>>

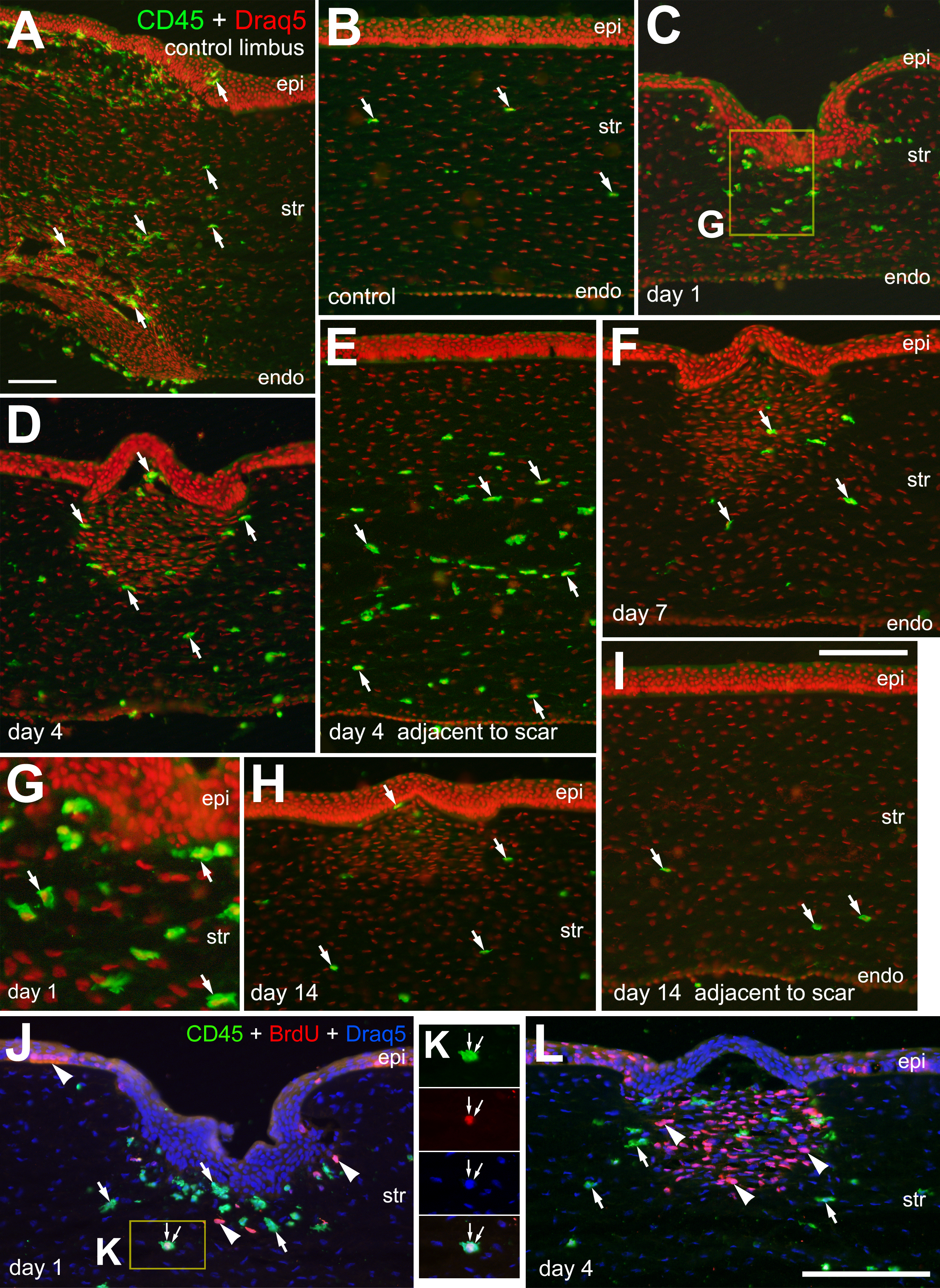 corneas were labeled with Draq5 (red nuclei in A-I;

<<
>>

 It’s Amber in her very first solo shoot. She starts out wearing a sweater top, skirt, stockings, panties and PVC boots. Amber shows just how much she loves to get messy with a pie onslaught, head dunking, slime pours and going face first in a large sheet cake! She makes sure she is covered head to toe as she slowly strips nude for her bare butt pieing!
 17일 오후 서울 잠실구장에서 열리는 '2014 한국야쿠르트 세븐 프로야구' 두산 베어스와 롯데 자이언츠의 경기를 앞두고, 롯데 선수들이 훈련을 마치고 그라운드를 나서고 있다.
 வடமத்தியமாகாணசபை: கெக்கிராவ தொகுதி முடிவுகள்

<<

Task brief ▸
Using the listing above, copy exactly the line that contains "17일 오후 서울 잠실구장에서", the line that contains "வடமத்தியமாகாணசபை: கெக்கிராவ தொகுதி முடிவுகள்", and each line that falls between them.

Response to this task ▸
 17일 오후 서울 잠실구장에서 열리는 '2014 한국야쿠르트 세븐 프로야구' 두산 베어스와 롯데 자이언츠의 경기를 앞두고, 롯데 선수들이 훈련을 마치고 그라운드를 나서고 있다.
 வடமத்தியமாகாணசபை: கெக்கிராவ தொகுதி முடிவுகள்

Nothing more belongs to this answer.